● Your goal
Stop after the line holding "Crafted by acclaimed". Repeat exactly every line before it in the records below, that line too, and leave out the pictures.
** Data for review follows **
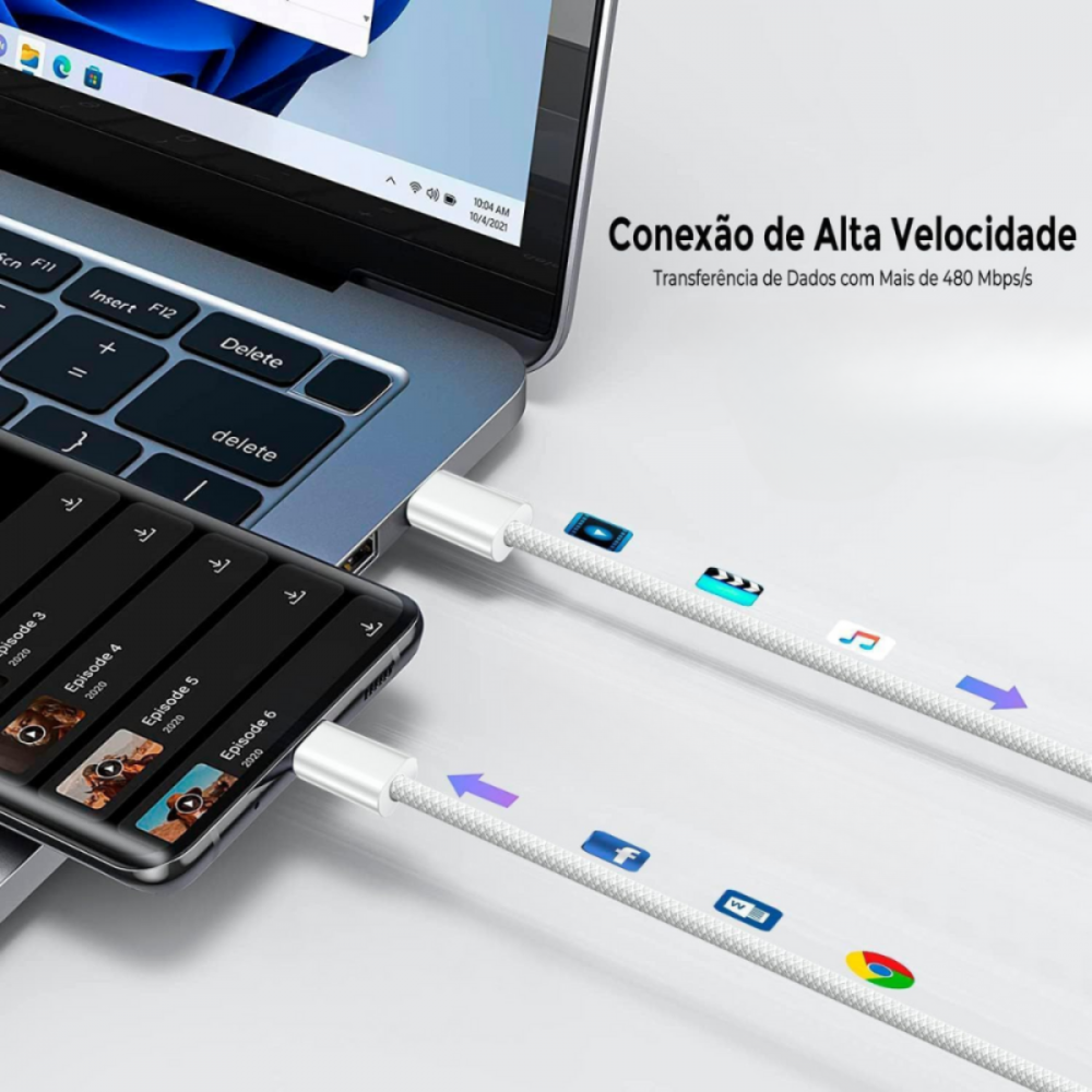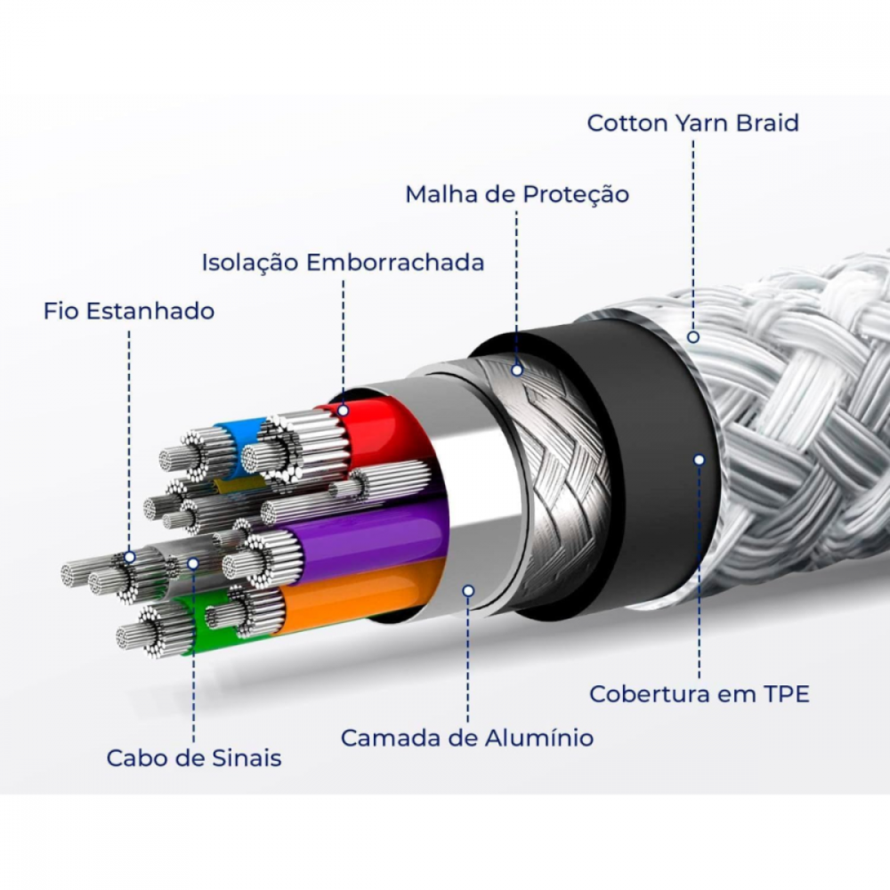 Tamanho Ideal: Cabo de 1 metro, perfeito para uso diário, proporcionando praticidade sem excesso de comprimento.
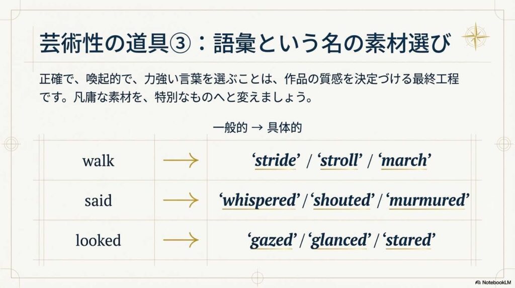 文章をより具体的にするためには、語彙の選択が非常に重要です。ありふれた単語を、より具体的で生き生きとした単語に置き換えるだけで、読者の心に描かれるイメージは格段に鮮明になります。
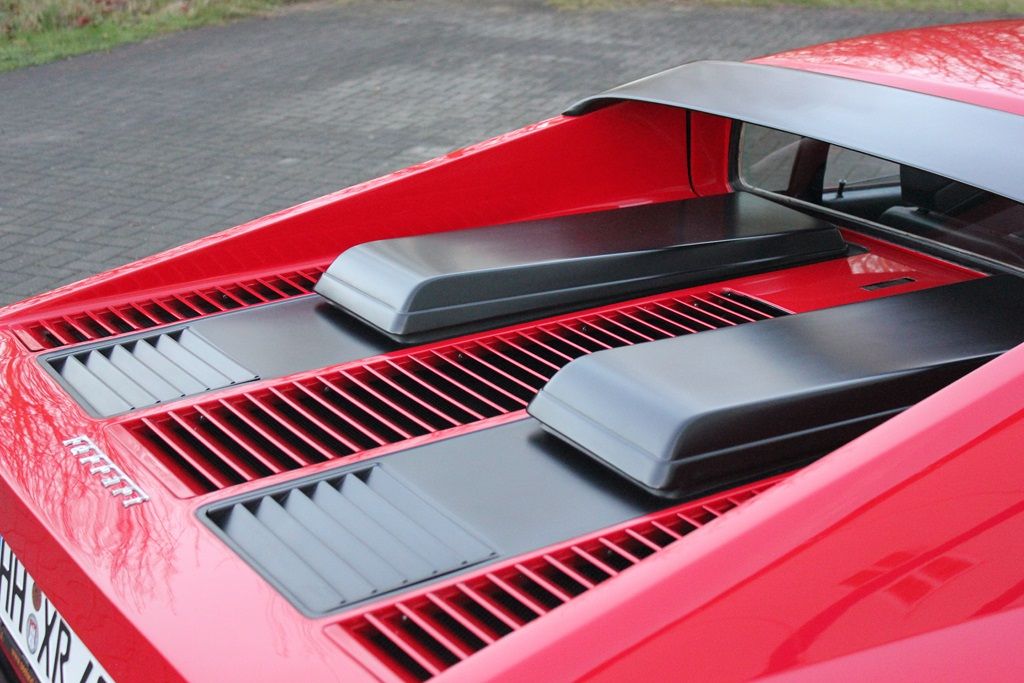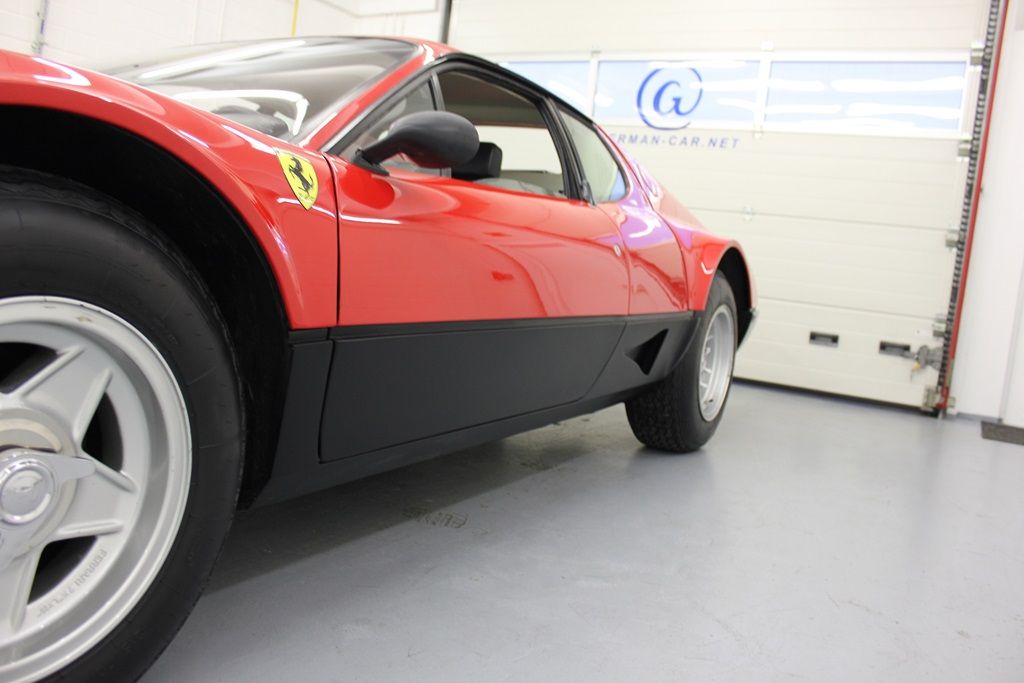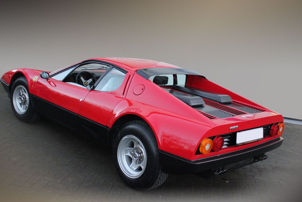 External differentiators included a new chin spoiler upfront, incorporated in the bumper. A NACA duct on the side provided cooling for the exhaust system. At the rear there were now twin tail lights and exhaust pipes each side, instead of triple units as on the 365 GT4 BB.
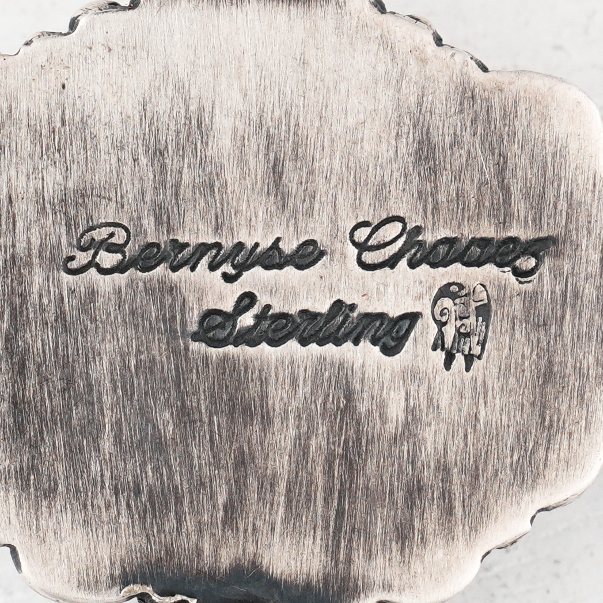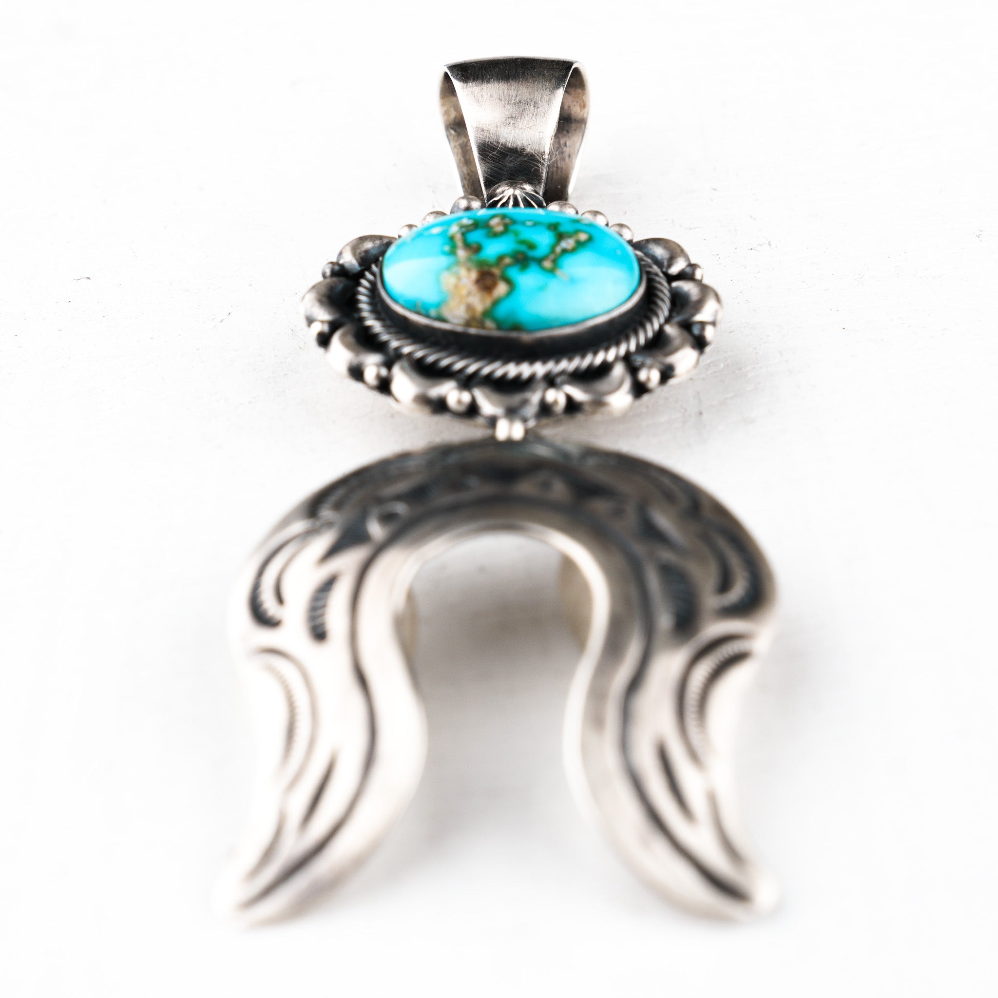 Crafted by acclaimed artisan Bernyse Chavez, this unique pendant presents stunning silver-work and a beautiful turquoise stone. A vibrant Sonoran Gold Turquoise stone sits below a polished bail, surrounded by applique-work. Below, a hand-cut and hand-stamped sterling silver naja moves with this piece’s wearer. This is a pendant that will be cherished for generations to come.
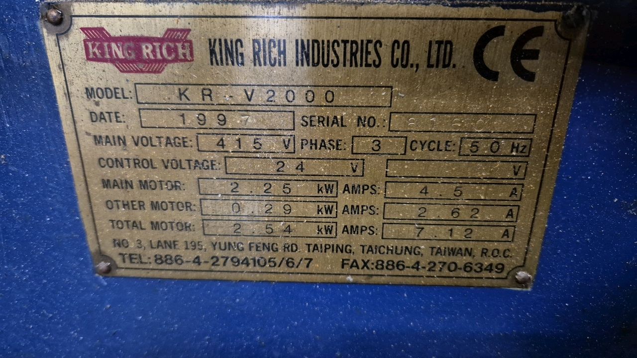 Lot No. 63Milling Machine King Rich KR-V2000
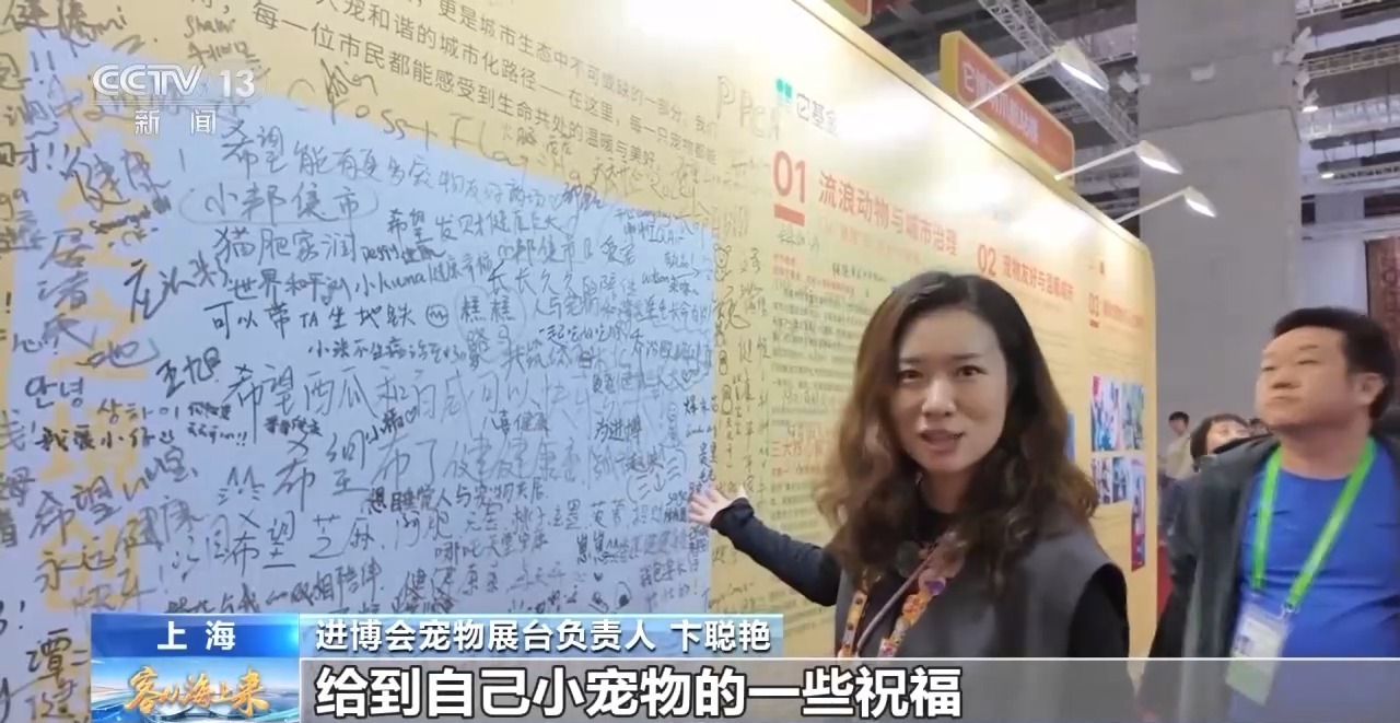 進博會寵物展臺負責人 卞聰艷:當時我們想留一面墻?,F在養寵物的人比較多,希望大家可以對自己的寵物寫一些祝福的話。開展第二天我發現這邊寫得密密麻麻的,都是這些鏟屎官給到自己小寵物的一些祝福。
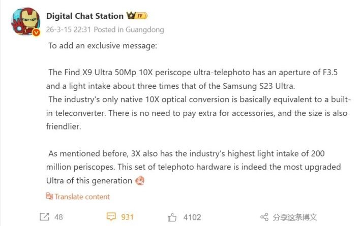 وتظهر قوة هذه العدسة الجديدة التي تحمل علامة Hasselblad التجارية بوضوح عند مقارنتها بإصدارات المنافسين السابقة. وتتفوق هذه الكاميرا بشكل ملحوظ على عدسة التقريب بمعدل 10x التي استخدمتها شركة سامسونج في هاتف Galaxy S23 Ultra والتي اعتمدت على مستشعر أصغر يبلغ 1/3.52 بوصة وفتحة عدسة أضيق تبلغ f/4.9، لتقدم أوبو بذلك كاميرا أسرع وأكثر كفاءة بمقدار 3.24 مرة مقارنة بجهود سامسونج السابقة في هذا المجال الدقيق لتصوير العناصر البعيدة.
** End of Data for review **
● Expected output
 Tamanho Ideal: Cabo de 1 metro, perfeito para uso diário, proporcionando praticidade sem excesso de comprimento.
 文章をより具体的にするためには、語彙の選択が非常に重要です。ありふれた単語を、より具体的で生き生きとした単語に置き換えるだけで、読者の心に描かれるイメージは格段に鮮明になります。
 External differentiators included a new chin spoiler upfront, incorporated in the bumper. A NACA duct on the side provided cooling for the exhaust system. At the rear there were now twin tail lights and exhaust pipes each side, instead of triple units as on the 365 GT4 BB.
 Crafted by acclaimed artisan Bernyse Chavez, this unique pendant presents stunning silver-work and a beautiful turquoise stone. A vibrant Sonoran Gold Turquoise stone sits below a polished bail, surrounded by applique-work. Below, a hand-cut and hand-stamped sterling silver naja moves with this piece’s wearer. This is a pendant that will be cherished for generations to come.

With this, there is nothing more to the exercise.